(ENTRIES PROVIDED):
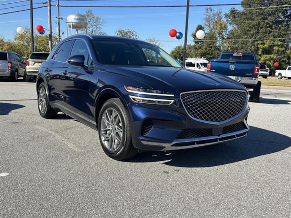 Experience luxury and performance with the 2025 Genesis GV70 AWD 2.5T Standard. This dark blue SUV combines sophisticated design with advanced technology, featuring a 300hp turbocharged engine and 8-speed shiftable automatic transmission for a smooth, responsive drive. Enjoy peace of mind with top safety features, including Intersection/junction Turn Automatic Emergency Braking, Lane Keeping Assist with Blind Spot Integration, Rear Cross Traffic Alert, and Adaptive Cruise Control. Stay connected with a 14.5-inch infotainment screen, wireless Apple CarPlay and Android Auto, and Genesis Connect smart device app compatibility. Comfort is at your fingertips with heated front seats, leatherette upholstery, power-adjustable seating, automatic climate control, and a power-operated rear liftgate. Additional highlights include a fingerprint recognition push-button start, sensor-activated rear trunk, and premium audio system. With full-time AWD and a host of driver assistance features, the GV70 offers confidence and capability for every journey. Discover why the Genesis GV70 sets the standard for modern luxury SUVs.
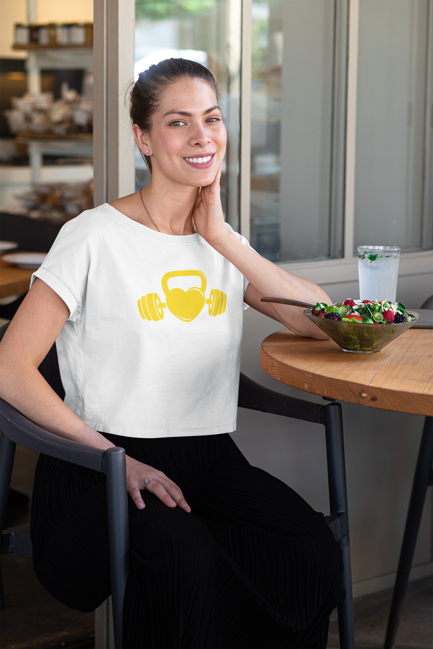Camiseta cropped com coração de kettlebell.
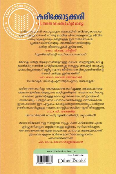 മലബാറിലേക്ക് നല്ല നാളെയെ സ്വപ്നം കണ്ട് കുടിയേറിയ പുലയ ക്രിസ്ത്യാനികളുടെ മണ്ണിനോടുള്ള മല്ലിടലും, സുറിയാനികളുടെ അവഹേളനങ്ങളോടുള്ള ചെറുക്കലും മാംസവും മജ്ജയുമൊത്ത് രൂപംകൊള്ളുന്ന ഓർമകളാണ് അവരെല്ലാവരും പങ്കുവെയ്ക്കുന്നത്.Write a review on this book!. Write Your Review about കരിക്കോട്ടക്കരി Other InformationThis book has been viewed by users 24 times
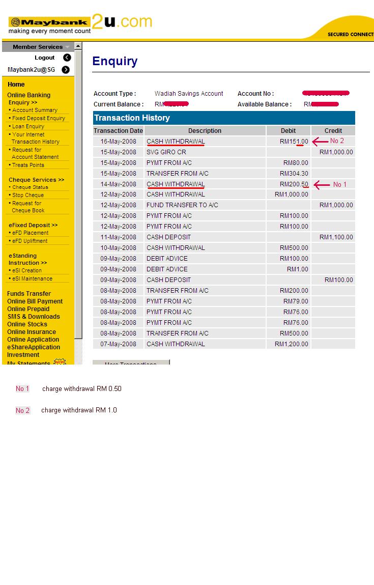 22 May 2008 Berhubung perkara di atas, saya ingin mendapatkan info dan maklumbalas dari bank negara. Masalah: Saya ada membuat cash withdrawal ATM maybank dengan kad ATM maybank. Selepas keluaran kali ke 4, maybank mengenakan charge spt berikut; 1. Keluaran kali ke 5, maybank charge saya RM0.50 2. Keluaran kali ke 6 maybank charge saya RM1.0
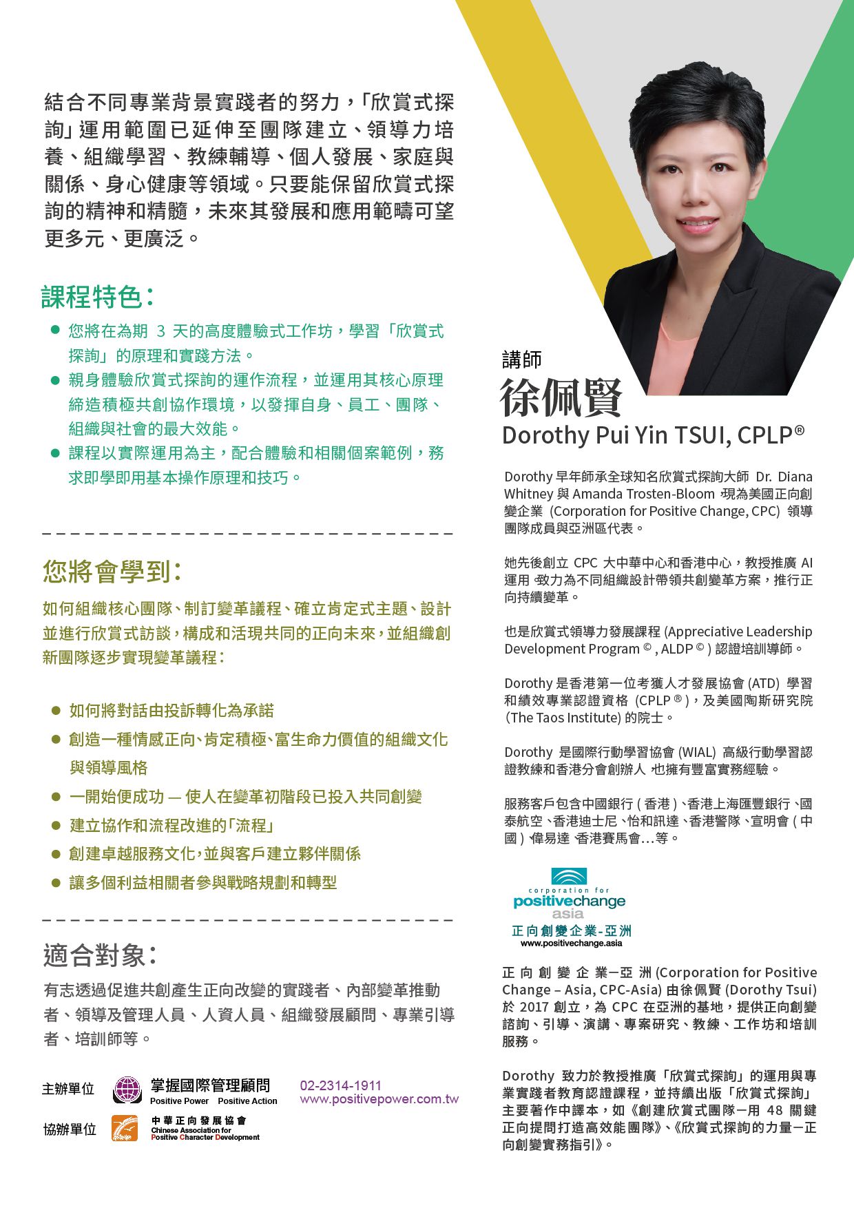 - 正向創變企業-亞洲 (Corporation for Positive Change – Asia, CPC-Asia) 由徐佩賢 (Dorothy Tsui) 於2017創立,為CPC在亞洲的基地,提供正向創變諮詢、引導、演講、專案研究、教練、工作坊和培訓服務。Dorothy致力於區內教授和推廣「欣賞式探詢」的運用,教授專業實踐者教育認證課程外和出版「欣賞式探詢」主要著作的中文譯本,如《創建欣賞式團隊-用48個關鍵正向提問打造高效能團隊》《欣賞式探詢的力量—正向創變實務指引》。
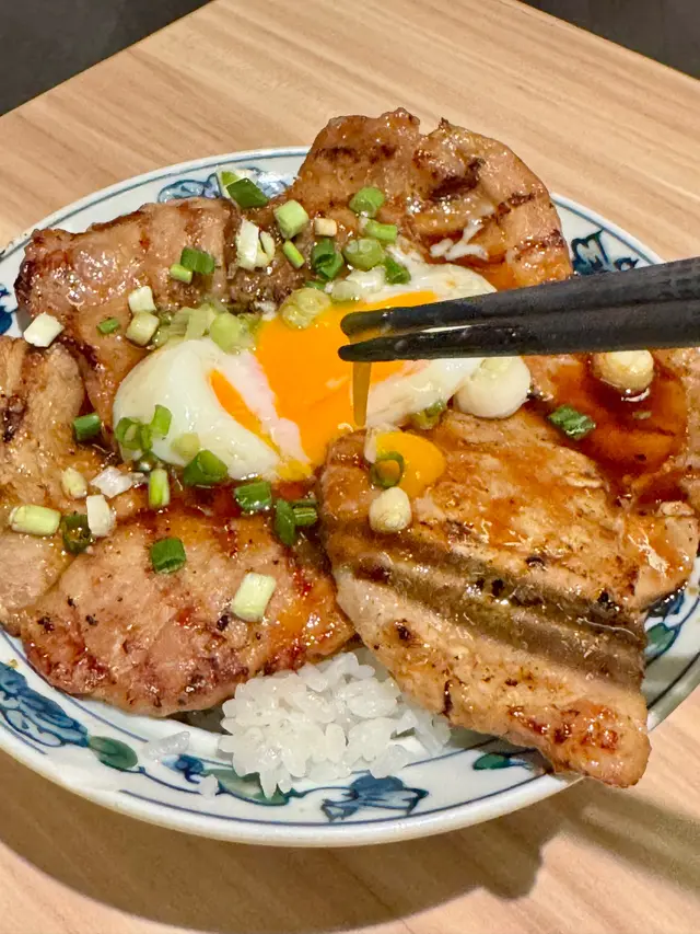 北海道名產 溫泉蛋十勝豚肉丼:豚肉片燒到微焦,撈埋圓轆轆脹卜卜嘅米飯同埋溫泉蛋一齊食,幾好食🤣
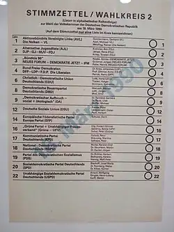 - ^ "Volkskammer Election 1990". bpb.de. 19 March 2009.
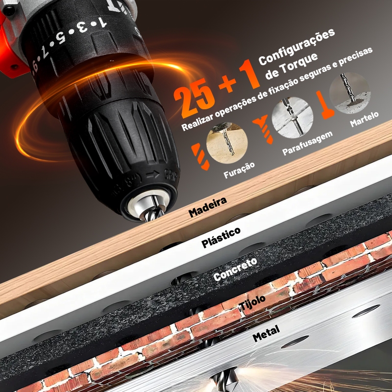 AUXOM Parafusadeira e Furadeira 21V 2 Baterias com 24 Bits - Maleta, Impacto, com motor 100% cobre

* * *

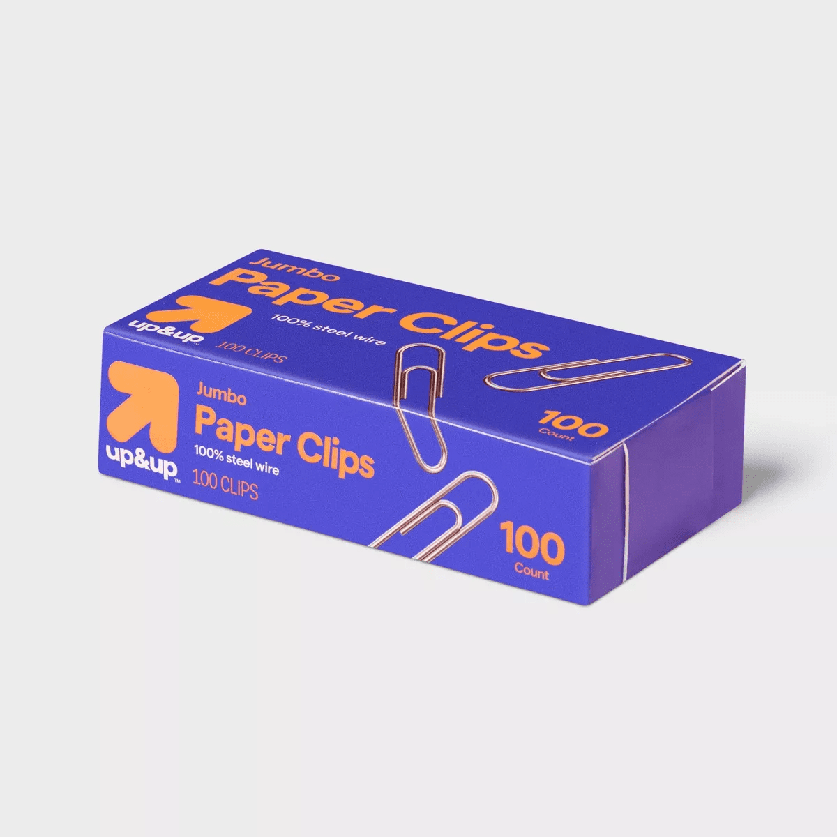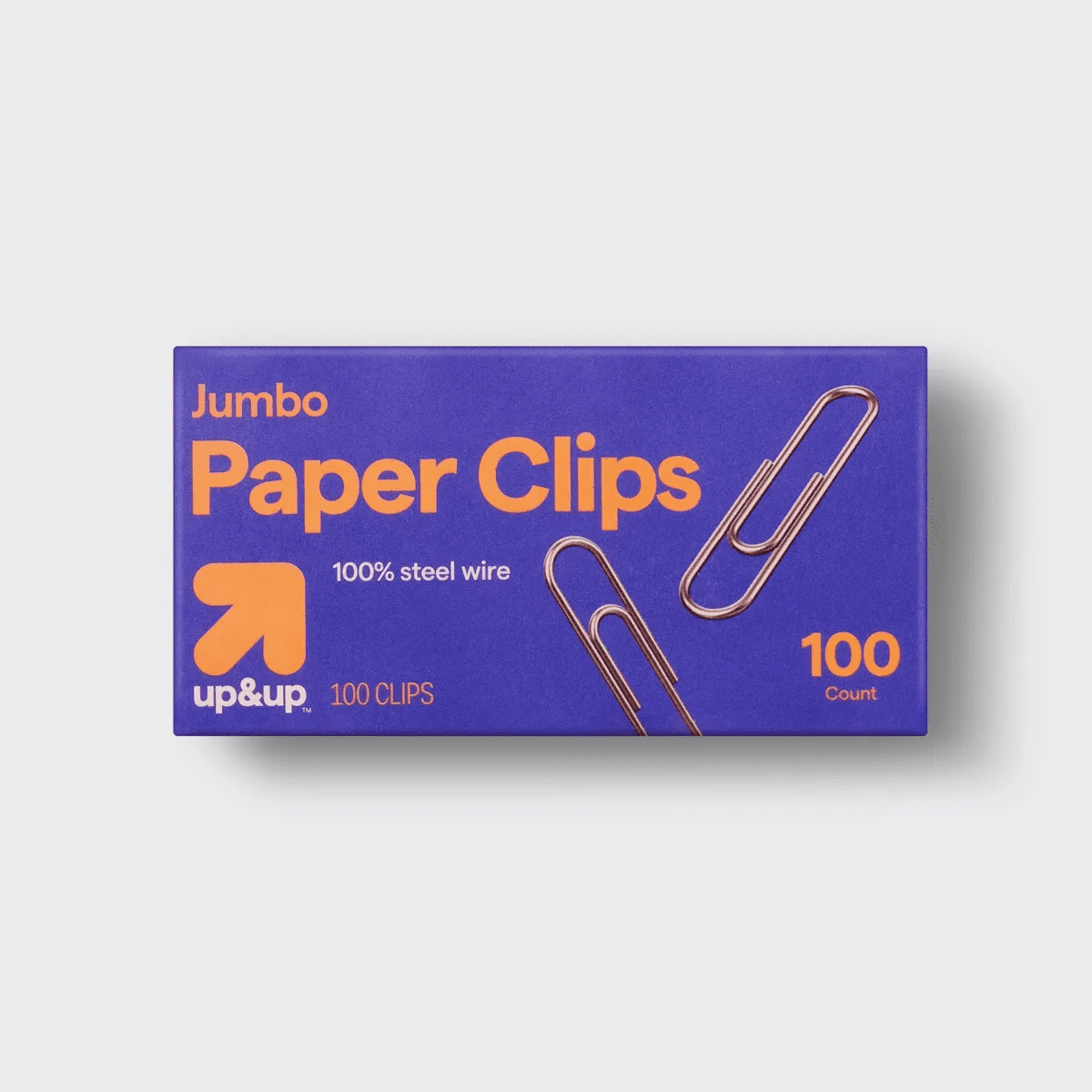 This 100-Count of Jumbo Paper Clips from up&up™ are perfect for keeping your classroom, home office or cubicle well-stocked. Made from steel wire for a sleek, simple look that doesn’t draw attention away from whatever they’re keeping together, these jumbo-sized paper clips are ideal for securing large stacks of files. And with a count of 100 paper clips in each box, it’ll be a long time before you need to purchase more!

(WHAT THE EXERCISE ASKS):
Above are the records. Copy only the lines from the one with "19 March 2009." through the one with "AUXOM Parafusadeira e", exactly, with no pictures.

(EXERCISE OUTPUT):
 - ^ "Volkskammer Election 1990". bpb.de. 19 March 2009.
 AUXOM Parafusadeira e Furadeira 21V 2 Baterias com 24 Bits - Maleta, Impacto, com motor 100% cobre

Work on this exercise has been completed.